CompilerIf #PB_Compiler_IsMainFile
; GetArtistNameFromID is only for the Test example below
Procedure.s GetArtistNameFromID(ID)
Protected ArtistName$
PushListPosition(MyTable())
ForEach MyTable()
If MyTable()\Field$(0) = Str(ID)
ArtistName$ = MyTable()\Field$(1)
Break
EndIf
Next
PopListPosition(MyTable())
ProcedureReturn ArtistName$
EndProcedure
; GetBioFromID is only for the Test example below
Procedure.s GetBioFromID(ID)
Protected Bio$
PushListPosition(MyTable())
ForEach MyTable()
If MyTable()\Field$(0) = Str(ID)
Bio$ = MyTable()\Field$(2)
Break
EndIf
Next
PopListPosition(MyTable())
ProcedureReturn Bio$
EndProcedure
CompilerEndIf
Procedure.s GetColValueFromID(Col, ID)
Protected Value$
If Col < 0 : ProcedureReturn : EndIf
PushListPosition(MyTable())
FirstElement(MyTable())
If Col <= ArraySize(MyTable()\Field$())
ForEach MyTable()
If MyTable()\Field$(0) = Str(ID)
Value$ = MyTable()\Field$(Col)
Break
EndIf
Next
EndIf
PopListPosition(MyTable())
ProcedureReturn Value$
EndProcedure
Procedure.s GetValueFromID(Field$, ID)
Protected Value$, ID$, CountField, Col = #PB_Default, I
PushListPosition(MyTable())
FirstElement(MyTable())
CountField = ArraySize(MyTable()\Field$())

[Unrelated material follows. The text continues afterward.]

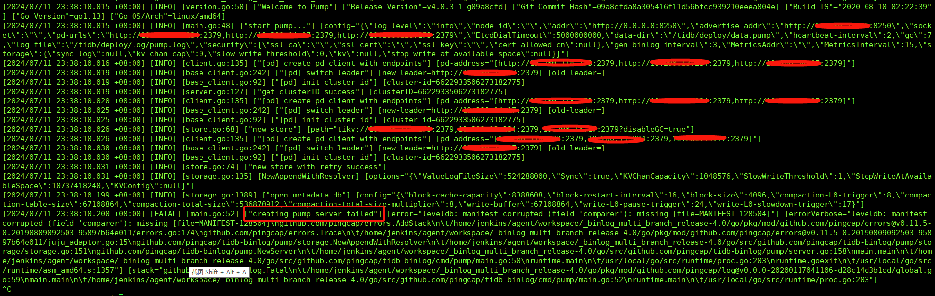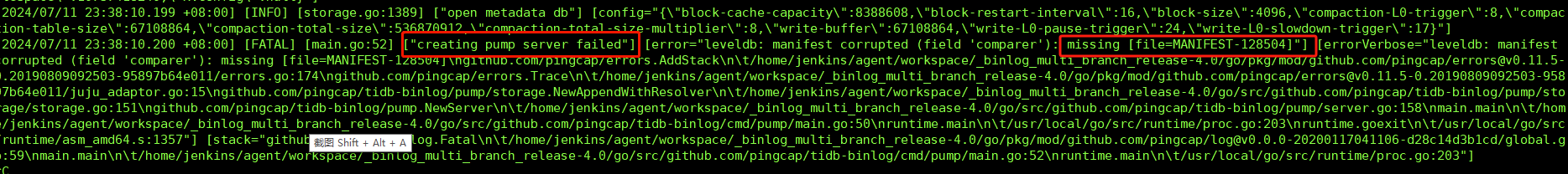 看起来文件损坏了,能容忍 drainer 缺失一部分,就重建 pump 吧

; Check case-insensitive header fields to make life easier
Field$ = UCase(Field$)
For I = 0 To CountField
If UCase(MyTable()\Field$(I)) = Field$
Col = I
Break
EndIf
Next
If Col <> #PB_Default
ID$ = Str(ID)
ForEach MyTable()
If MyTable()\Field$(0) = ID$
Value$ = MyTable()\Field$(Col)
Break
EndIf
Next
EndIf
PopListPosition(MyTable())
ProcedureReturn Value$
EndProcedure
Procedure LoadCSV(Filename$)
Protected File, Line$, NbLine, CountHeaderField, CountField, ReturnVal = #True, I
Protected Dim StringArray.s(0)
File = ReadFile(#PB_Any, Filename$)
If File
NbLine + 1
Line$ = ReadString(File)
CountHeaderField = SplitStringArray(Line$, ",", StringArray(), #True) - 1
AddElement(MyTable())
ReDim MyTable()\Field$(CountHeaderField)
For I = 0 To CountHeaderField
MyTable()\Field$(I) = StringArray(I)
Next
While Not Eof(File)
NbLine + 1
Line$ = ReadString(File)
CountField = SplitStringArray(Line$, ",", StringArray(), #True) - 1
If CountField = CountHeaderField
AddElement(MyTable())
ReDim MyTable()\Field$(CountField)
For I = 0 To CountField
MyTable()\Field$(I) = StringArray(I)
Next
Else
If MessageRequester("Warning", "Line " + Str(NbLine) +", Number of fields = " + Str(CountField+1) + ", does Not match header fields count = " + Str(CountHeaderField+1) +
#CRLF$+#CRLF$+ "Continue loading the csv table, ignoring this line ?", #PB_MessageRequester_YesNo | #PB_MessageRequester_Warning) = #PB_MessageRequester_No
ClearList(MyTable())
ReturnVal = #False
Break
EndIf
EndIf
Wend
CloseFile(File)
ProcedureReturn ReturnVal
EndIf
EndProcedure
CompilerIf #PB_Compiler_IsMainFile
Define Filename$ = "E:\Temp\Test.csv"
Define OutPut$, CountField, I
If LoadCSV(Filename$)
ForEach MyTable()
If CountField = 0 : CountField = ArraySize(MyTable()\Field$()) : EndIf
OutPut$ = ""
For I = 0 To CountField
If I = 0
OutPut$ + MyTable()\Field$(I)
Else
OutPut$ + " | " + MyTable()\Field$(I)
EndIf
Next
Debug OutPut$
Next
Debug "-----"
Debug "ArtistName From ID = 8 : " + GetArtistNameFromID(8)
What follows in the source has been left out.